Problem statement:
Extract verbatim every line from the one containing "Keywords: Lahore Real" to the final line of the records below, inclusive, and exclude all pictures.
+++ Source information
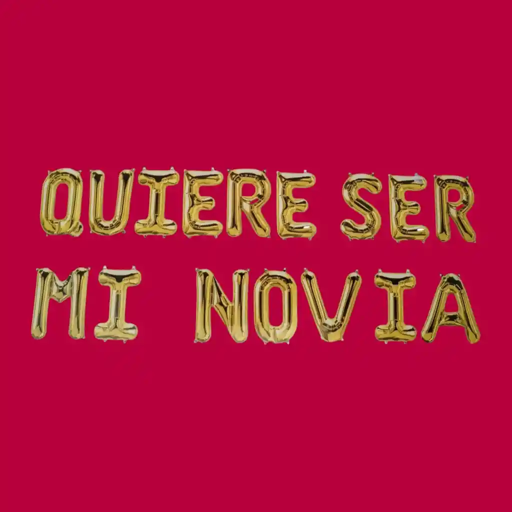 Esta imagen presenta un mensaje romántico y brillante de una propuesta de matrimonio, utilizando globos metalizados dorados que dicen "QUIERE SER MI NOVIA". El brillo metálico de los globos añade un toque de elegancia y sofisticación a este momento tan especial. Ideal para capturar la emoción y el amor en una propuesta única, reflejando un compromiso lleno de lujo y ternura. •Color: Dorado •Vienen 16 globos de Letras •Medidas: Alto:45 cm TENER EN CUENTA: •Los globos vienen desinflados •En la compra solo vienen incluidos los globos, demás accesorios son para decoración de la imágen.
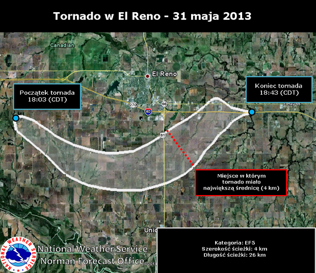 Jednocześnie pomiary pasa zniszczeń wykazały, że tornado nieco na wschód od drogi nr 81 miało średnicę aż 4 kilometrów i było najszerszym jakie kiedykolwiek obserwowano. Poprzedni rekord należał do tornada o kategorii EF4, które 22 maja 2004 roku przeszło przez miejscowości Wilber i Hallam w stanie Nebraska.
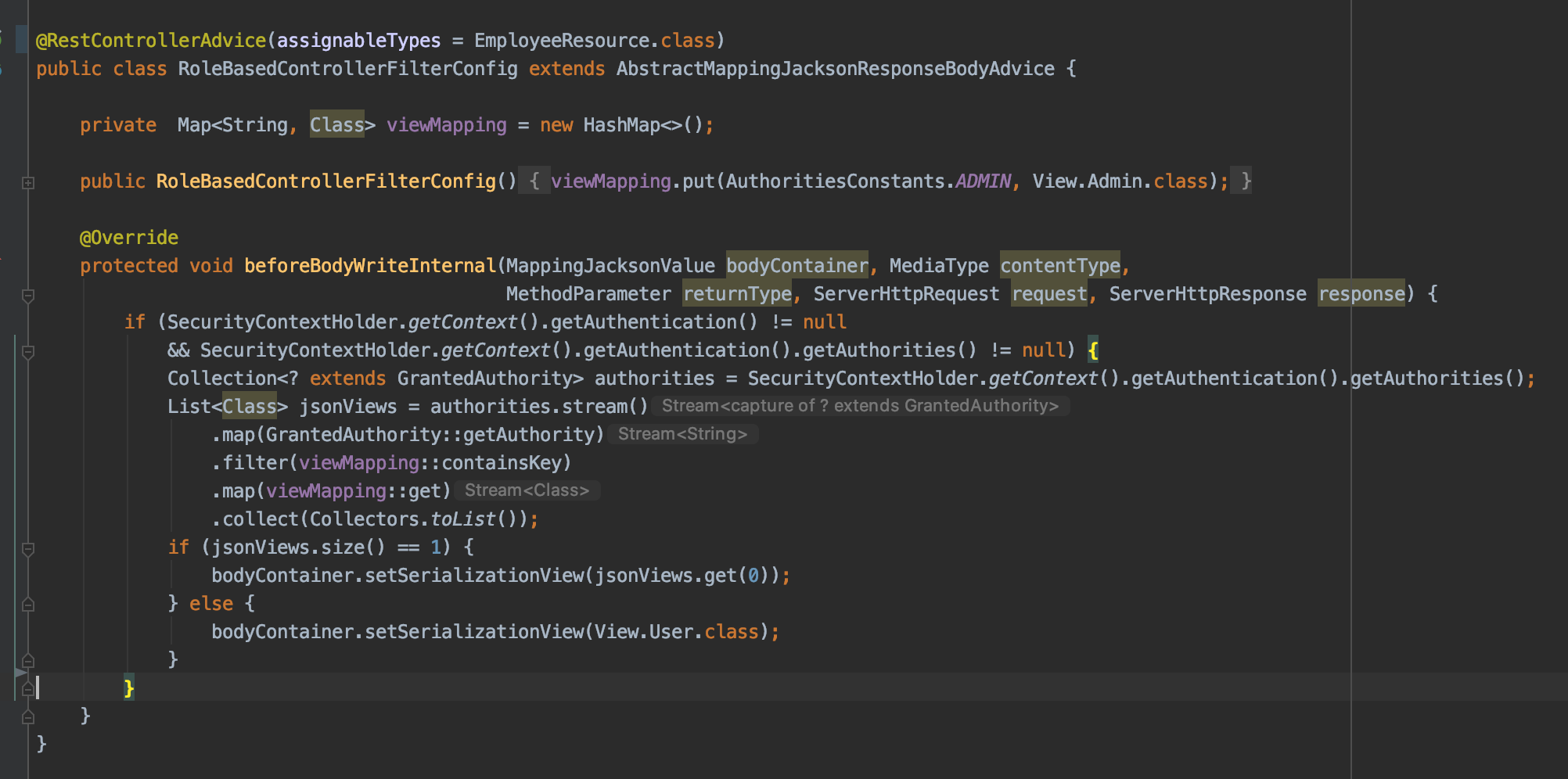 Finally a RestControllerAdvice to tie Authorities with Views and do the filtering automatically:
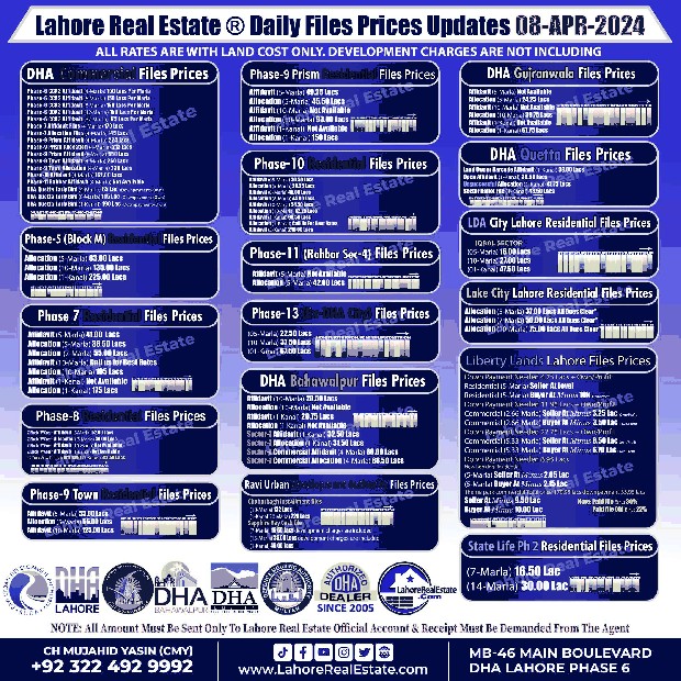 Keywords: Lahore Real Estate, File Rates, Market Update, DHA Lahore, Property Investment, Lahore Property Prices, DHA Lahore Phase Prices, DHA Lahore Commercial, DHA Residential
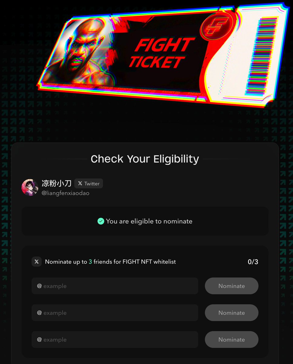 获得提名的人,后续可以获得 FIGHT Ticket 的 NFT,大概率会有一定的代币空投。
++++++
Answer box:
 Keywords: Lahore Real Estate, File Rates, Market Update, DHA Lahore, Property Investment, Lahore Property Prices, DHA Lahore Phase Prices, DHA Lahore Commercial, DHA Residential
 获得提名的人,后续可以获得 FIGHT Ticket 的 NFT,大概率会有一定的代币空投。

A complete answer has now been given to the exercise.